- _EXERCISE DESCRIPTION_:
Your job is to return the whole listing unchanged while skipping its images.

== == ==

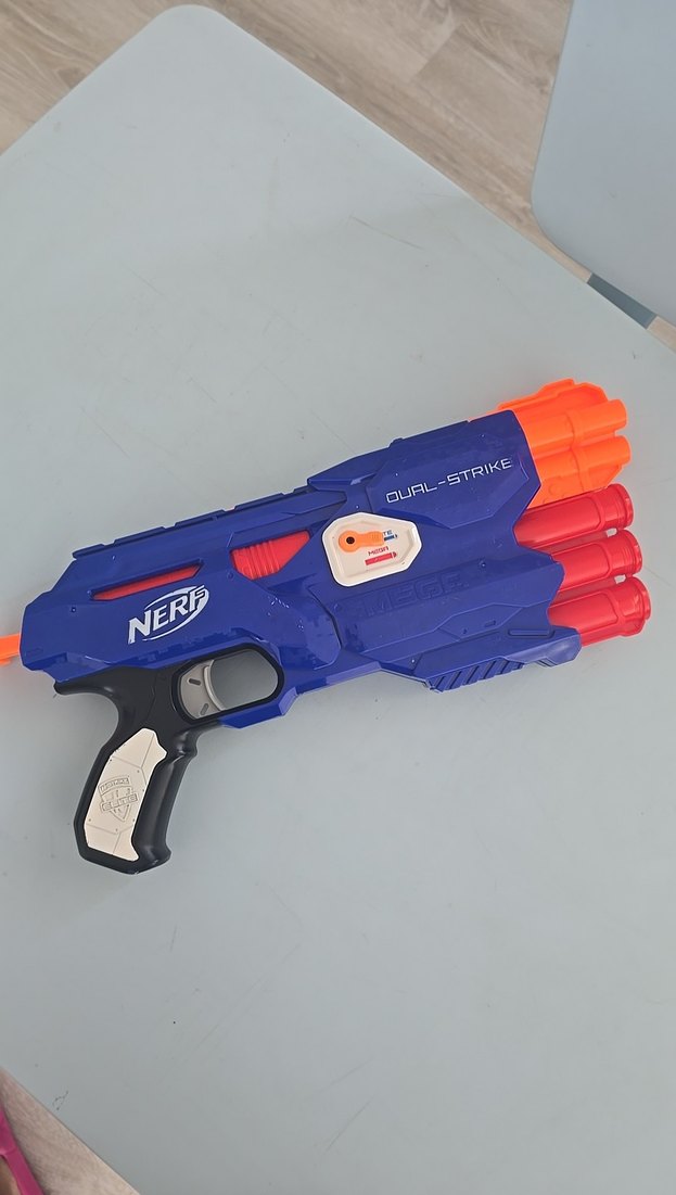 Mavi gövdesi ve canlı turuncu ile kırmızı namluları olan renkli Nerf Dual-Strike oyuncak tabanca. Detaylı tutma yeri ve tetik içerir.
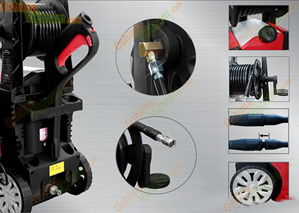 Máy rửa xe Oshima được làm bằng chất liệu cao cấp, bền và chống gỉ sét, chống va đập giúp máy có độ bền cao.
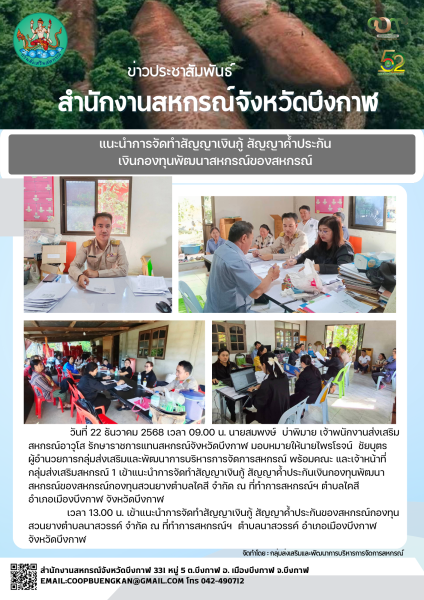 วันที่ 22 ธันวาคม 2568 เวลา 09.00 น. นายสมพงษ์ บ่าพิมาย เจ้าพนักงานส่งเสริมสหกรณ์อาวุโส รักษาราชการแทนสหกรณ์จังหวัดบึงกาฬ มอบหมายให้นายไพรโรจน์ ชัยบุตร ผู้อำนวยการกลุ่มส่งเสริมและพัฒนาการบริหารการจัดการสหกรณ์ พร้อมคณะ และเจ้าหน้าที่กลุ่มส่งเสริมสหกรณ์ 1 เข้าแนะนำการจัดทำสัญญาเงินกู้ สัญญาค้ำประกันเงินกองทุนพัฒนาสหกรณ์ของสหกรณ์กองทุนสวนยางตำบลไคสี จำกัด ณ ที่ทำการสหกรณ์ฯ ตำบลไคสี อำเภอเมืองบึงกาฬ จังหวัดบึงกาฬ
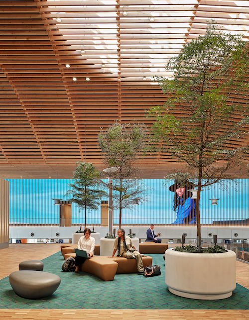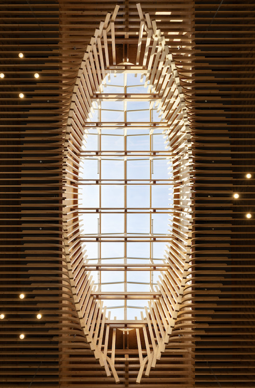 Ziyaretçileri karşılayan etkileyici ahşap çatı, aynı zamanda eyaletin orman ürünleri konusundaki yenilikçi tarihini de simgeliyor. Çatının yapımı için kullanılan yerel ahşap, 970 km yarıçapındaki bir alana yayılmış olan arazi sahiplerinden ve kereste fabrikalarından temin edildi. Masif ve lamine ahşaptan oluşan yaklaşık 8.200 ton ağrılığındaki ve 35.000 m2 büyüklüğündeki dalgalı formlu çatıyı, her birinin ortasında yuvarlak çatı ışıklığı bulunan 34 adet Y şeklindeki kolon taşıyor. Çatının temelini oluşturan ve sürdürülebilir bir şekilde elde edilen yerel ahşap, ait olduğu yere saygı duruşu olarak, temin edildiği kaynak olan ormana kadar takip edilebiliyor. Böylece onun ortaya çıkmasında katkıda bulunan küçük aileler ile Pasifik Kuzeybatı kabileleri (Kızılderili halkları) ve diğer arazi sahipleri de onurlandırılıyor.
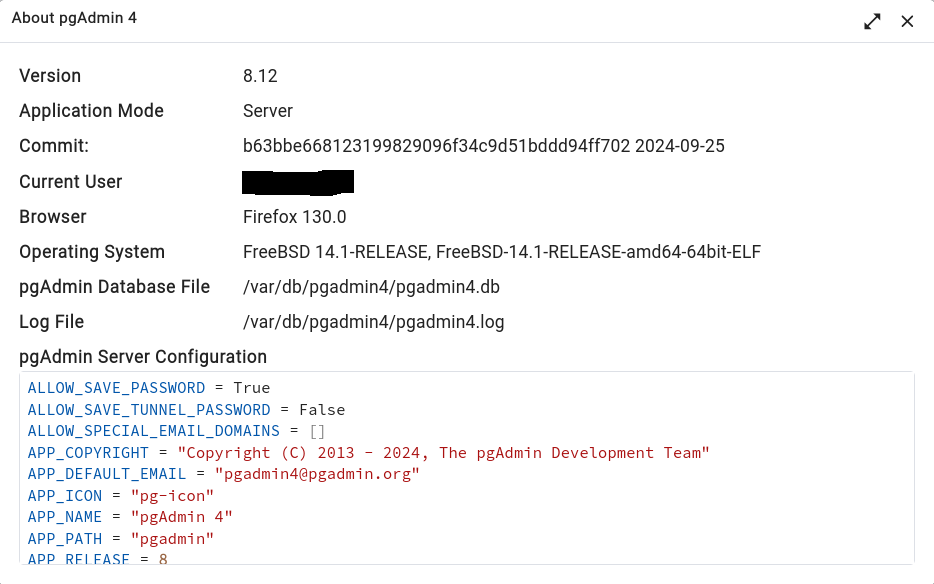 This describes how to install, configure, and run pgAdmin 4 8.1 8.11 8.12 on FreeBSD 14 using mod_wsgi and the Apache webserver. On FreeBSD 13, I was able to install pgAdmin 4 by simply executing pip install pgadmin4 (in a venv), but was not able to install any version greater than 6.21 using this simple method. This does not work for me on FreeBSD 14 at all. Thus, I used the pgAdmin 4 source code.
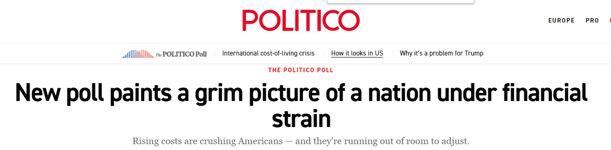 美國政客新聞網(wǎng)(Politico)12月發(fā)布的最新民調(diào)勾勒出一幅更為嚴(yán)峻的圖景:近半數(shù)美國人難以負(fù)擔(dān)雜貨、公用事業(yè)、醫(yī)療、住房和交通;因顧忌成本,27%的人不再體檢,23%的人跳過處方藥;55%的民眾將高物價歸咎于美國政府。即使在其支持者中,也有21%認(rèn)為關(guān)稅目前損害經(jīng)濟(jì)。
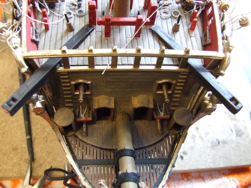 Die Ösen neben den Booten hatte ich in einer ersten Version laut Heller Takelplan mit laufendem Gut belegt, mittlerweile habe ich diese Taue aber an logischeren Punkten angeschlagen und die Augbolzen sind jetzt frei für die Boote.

== == ==

- _TASK SOLUTION_:
 Mavi gövdesi ve canlı turuncu ile kırmızı namluları olan renkli Nerf Dual-Strike oyuncak tabanca. Detaylı tutma yeri ve tetik içerir.
 Máy rửa xe Oshima được làm bằng chất liệu cao cấp, bền và chống gỉ sét, chống va đập giúp máy có độ bền cao.
 วันที่ 22 ธันวาคม 2568 เวลา 09.00 น. นายสมพงษ์ บ่าพิมาย เจ้าพนักงานส่งเสริมสหกรณ์อาวุโส รักษาราชการแทนสหกรณ์จังหวัดบึงกาฬ มอบหมายให้นายไพรโรจน์ ชัยบุตร ผู้อำนวยการกลุ่มส่งเสริมและพัฒนาการบริหารการจัดการสหกรณ์ พร้อมคณะ และเจ้าหน้าที่กลุ่มส่งเสริมสหกรณ์ 1 เข้าแนะนำการจัดทำสัญญาเงินกู้ สัญญาค้ำประกันเงินกองทุนพัฒนาสหกรณ์ของสหกรณ์กองทุนสวนยางตำบลไคสี จำกัด ณ ที่ทำการสหกรณ์ฯ ตำบลไคสี อำเภอเมืองบึงกาฬ จังหวัดบึงกาฬ
 Ziyaretçileri karşılayan etkileyici ahşap çatı, aynı zamanda eyaletin orman ürünleri konusundaki yenilikçi tarihini de simgeliyor. Çatının yapımı için kullanılan yerel ahşap, 970 km yarıçapındaki bir alana yayılmış olan arazi sahiplerinden ve kereste fabrikalarından temin edildi. Masif ve lamine ahşaptan oluşan yaklaşık 8.200 ton ağrılığındaki ve 35.000 m2 büyüklüğündeki dalgalı formlu çatıyı, her birinin ortasında yuvarlak çatı ışıklığı bulunan 34 adet Y şeklindeki kolon taşıyor. Çatının temelini oluşturan ve sürdürülebilir bir şekilde elde edilen yerel ahşap, ait olduğu yere saygı duruşu olarak, temin edildiği kaynak olan ormana kadar takip edilebiliyor. Böylece onun ortaya çıkmasında katkıda bulunan küçük aileler ile Pasifik Kuzeybatı kabileleri (Kızılderili halkları) ve diğer arazi sahipleri de onurlandırılıyor.
 This describes how to install, configure, and run pgAdmin 4 8.1 8.11 8.12 on FreeBSD 14 using mod_wsgi and the Apache webserver. On FreeBSD 13, I was able to install pgAdmin 4 by simply executing pip install pgadmin4 (in a venv), but was not able to install any version greater than 6.21 using this simple method. This does not work for me on FreeBSD 14 at all. Thus, I used the pgAdmin 4 source code.
 美國政客新聞網(wǎng)(Politico)12月發(fā)布的最新民調(diào)勾勒出一幅更為嚴(yán)峻的圖景:近半數(shù)美國人難以負(fù)擔(dān)雜貨、公用事業(yè)、醫(yī)療、住房和交通;因顧忌成本,27%的人不再體檢,23%的人跳過處方藥;55%的民眾將高物價歸咎于美國政府。即使在其支持者中,也有21%認(rèn)為關(guān)稅目前損害經(jīng)濟(jì)。
 Die Ösen neben den Booten hatte ich in einer ersten Version laut Heller Takelplan mit laufendem Gut belegt, mittlerweile habe ich diese Taue aber an logischeren Punkten angeschlagen und die Augbolzen sind jetzt frei für die Boote.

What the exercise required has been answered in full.